Dalia Raudonikytė was born in 1970 in Vilnius, Lithuania to the painter Danguolė Raudonikienė. Dalia studied Music Theory from 1986 to 1990 at the Juozo Tallat-Kelpsos Conservatory in Vilnius. She continued her studies at the Lithuanian Academy of Music and Theatre with Bronius Kutavičius and Osvaldas Balakauskas, where she received a Master of Music degree in 1996 in both composition and piano pedagogy. After she received an award from The Research Council of Norway, Raudonikytė, she moved to Norway to continue her studies as a research fellow in composition and electro-acoustic music with Lasse Thoresen at the Norwegian Academy of Music (1998–2000).

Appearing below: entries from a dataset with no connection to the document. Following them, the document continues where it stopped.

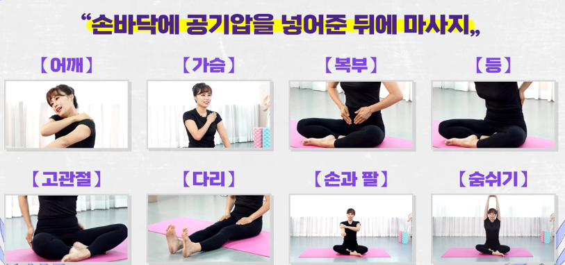 손에 공기압을 넣어 어깨, 가슴, 복부, 등, 고관절, 다리를 두드리며 세포 활성화.
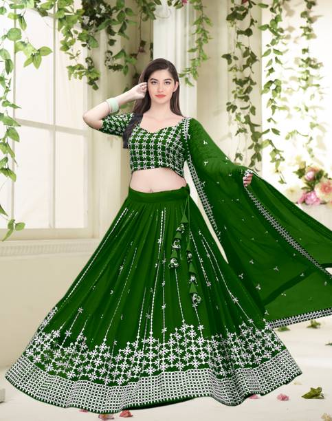 Dress your best for all traditional events in gorgeous A-line lehengas available online. You can choose this stylish three-piece ethnic wear in various fabrics, sleeve types, patterns, stitches, and colours. These come in a pack of lehenga, choli, and most often has a dupatta to complete the look. Adorn yourself in beautiful and trendy A-line lehenga cholis with embellished, embroidered, decorative stonework, and self-designed designs. These semi-stitched garments are ideal for festivals, semi-formal parties, religious occasions, and marriages. You can choose your lehenga fabric from options like satin, pure silk, net, jacquard, and silk blend. Soft choli materials such as silk-cotton blend, satin, silk, etc., make you feel comfortable and fashionable. Drape yourself in delicate dupattas made of pure silk, net, and many more soft fabrics. You can go for the round neck, boat neck, U-neck, or off-shoulder Cholis according to your unique style. These traditional outfits also come with many choices of sleeves like the half sleeve, full sleeve, sleeveless, three-fourth sleeve, and short-sleeved options. They are available for young girls aged eight and up and also for women. For the best traditional A-line Lehengas, check out popular brands like 21st Fashion, CRAZE N WORLD, A Little Fable, Saarah, and katariya collection. The information you are reading has been last updated on 08-Oct-25.
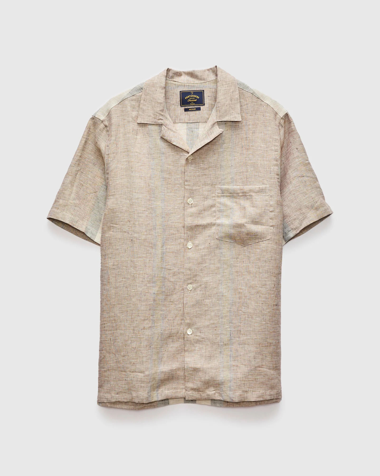 The Drift shirt from Portuguese Flannel is a short-sleeve button-up made using fabric from the brand's storied archive. The shirt is built using a breathable linen fabric woven using multicolor yarn. Cut in a regular fit and equipped with a single chest pocket. - Regular fit - Sewn using Portuguese fabric - Single front chest pocket - Mother of Pearl buttons - 100% linen - Made in Portugal
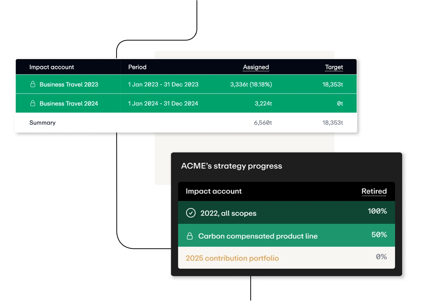 Organise your credits by emission scope, product line, or financial period. Track progress of individual assets or organisation-wide targets all the way to retirement across registries.
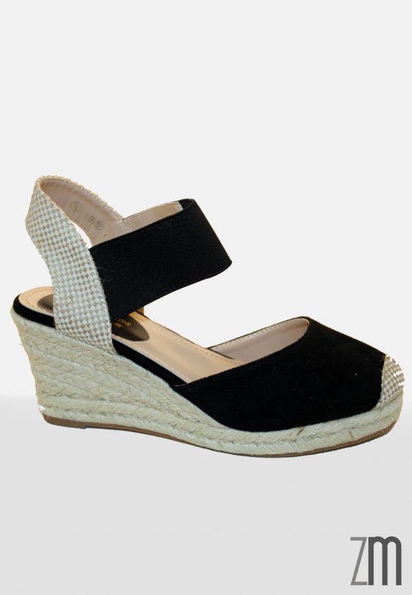 Valenciana en ante de color negro elástico central al tono, cuña y cuerda natural. Calzado de importación.
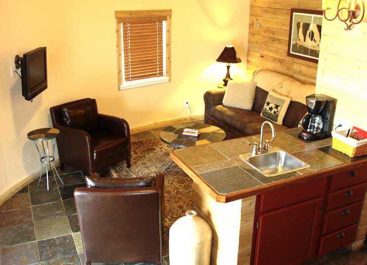The silo is certainly charming and quaint from the outside, and the inside is no different. It accommodates up to four guests, and features one king bed and two twin beds. There’s also wifi, a television, rustic-chic bathroom, kitchenette, and mini living room.
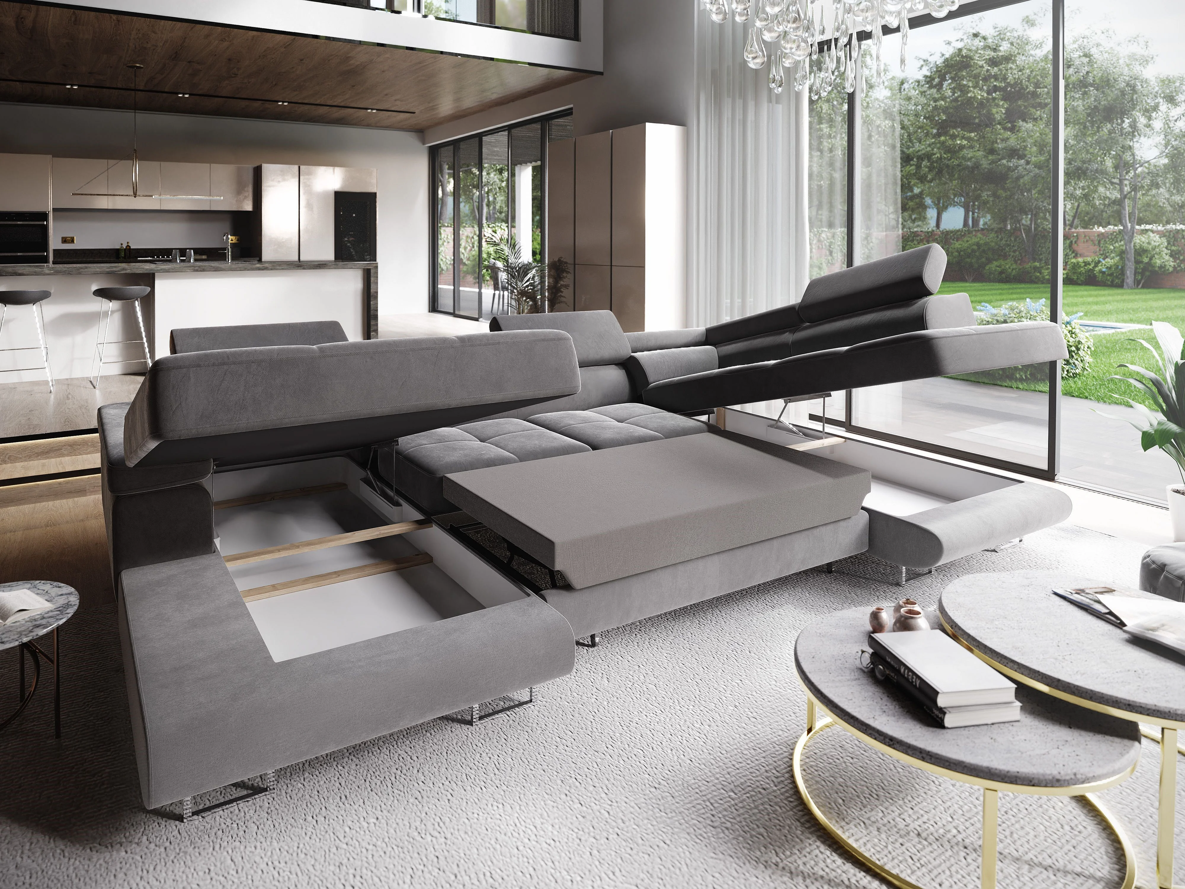 Hoekbank CASONE van fluweel met slaapfunctie Hellgrau

In 1997, she became a member of the Lithuanian Composers Union and was accepted as a member of the Norwegian Society of Composers in 2003. She was profiled in the Lithuanian Music Encyclopedia Muzikos Enciklopedija (2007), the Encyclopedia of Lithuanian Composers – Lietuviu kompozitoriai (2004) and Lietuva IV (2015).

== Composition ==

Dalia Raudonikytė explored a wide variety of media and styles in her electronic, instrumental, vocal and orchestral compositions. Major works include Grues et Nix for string orchestra (1996), Spalvos for symphony orchestra (1995), Missa brevis for choir and organ (1993), as well as works for organ, choir, chamber, and vocal music, and electroacoustic music. Her compositions have been performed at the international contemporary music festivals "Jauna muzika" (1992, 1996, 1998), "Druskininkai" (1994, 1995), "Atžalynas" (1996), "Festspillene i Bergen" (2001), Oslo International Church Music Festival (2001) in Norway, "Gaida", "Is arti" and "Muzikos ruduo" in Lithuania, "Floralia muzyczne" in Poland, the "MATA Festival", "New York Film Festival", "Another Experiment by Women", and the "New York Electronic Art Festival" in the United States.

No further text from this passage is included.